My colleagues carried me to my room where I spend the next ten days in bed. Somehow I had traded a socially active and intellectually stimulating seminar for a week and a half of four white walls, room service, inane daytime television and teeth-clenching crawls to the bathroom.

But what HAD I done to my back? The pain was constant, increasing when I made the slightest movement and sore to the touch. Phone calls to family to inform them of my accident reinforced the harsh truth, which I struggled to face. I was injured and helpless like never before. “If you can move at all,” my primary care physician told me on the phone, “it’s probably only soft tissue damage. Get back to New York, we’ll take an X-ray and see what’s going on.” Soft tissue damage? I had heard about people with “bad backs.” Even met a few. Did theirs start with soft tissue damage? I traveled back to New York negotiating my body from standing to seated like it was made of glass.

When the long-awaited moment came, I held my breath. The doctor slapped the black and white transparency up against a lighted box attached to the wall of his tiny, dark examination room. Glasses on. Glasses off. Glasses on. Glasses off. “No structural damage to the disks or vertebrae. I would say… based upon the tenderness in the area….you have a lumbar-sacral strain/sprain.” “What’s that?” The words came out before I realized I had said anything.

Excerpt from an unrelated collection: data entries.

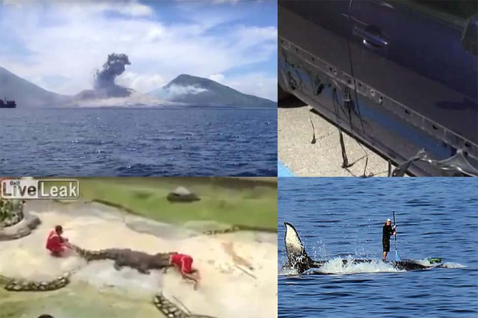 1 - Erupção vulcânica em Papua Nova Guiné - Em agosto de 2015, um australiano de 58 anos, chamado Phil McNamara, estava a bordo de um pequeno barco perto do Monte Tavurvur, um vulcão localizado na costa de Papua Nova Guiné. Ele teve a sorte de capturar imagens espetaculares da erupção do vulcão. A gravação mostra uma nuvem de cinzas lançada ao ar e uma grande explosão.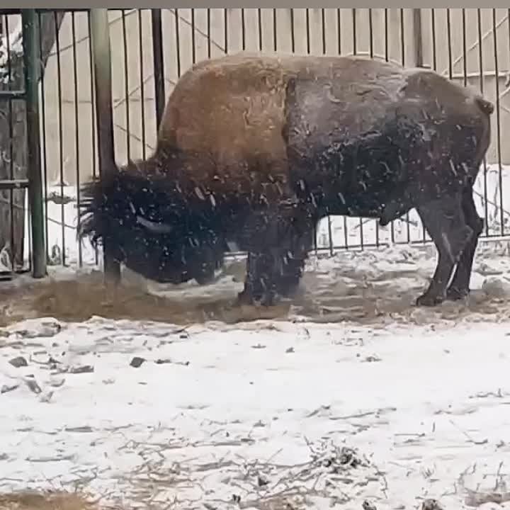 Только взгляните, как бизон Марк радуется снегу!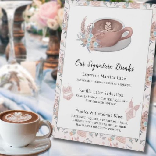 This Lingerie & Lattes bridal shower invitation showcases elegant wedding lingerie, a cosy latte, and boho florals, creating a charming and stylish design. The back features a beautiful bridal shower pattern with wedding cakes, delicate lingerie pieces, florals, and more, adding a whimsical touch.
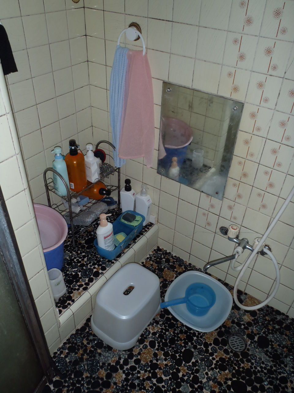 タイル張りの浴室(在来工法といいます。)から最新のユニットバスへの交換工事です。戸田市A様邸、既存の浴室です。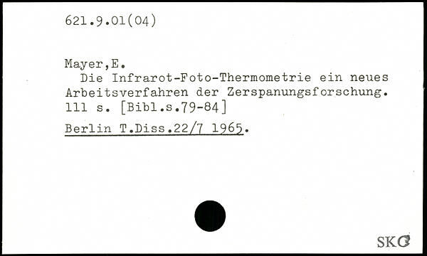 Die Infrarot-Foto-Thermometrie ein neues Arbeitsverfahren der Zerspanungsforschung.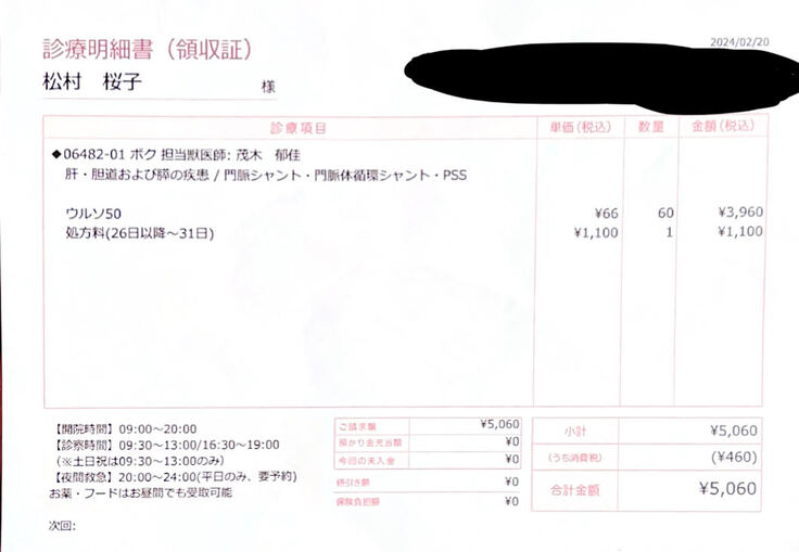 2024年2月20日 5,060円/5,060円 ※保険適用なし 薬代金

The doctor examined me. “You have micro-tears to the muscles around your sacrum and lower lumbar spine. You see, when I palpate here…”. “What does palpate mean?”. “It just means touching you. It’s how we measure the degree of pain which generally relates to the degree of injury.”

I really didn’t want to know that. I didn’t want to be someone who needed to be palpated. I didn’t want any part of this. I was so very sad that whatever had happened to me had somehow change my ability to function. As an aggressively active athlete, the mere thought of any permanent limited use of my body was unthinkable – “Is the damage permanent, doctor?” “No way to determine that right now. Let’s wait for the swelling to go down and we’ll see.”

I went to bed that night with new companions I would get to know quite well: Fear, sadness, uncertainty, anger and pain of varying intensity that would test my will and try my soul.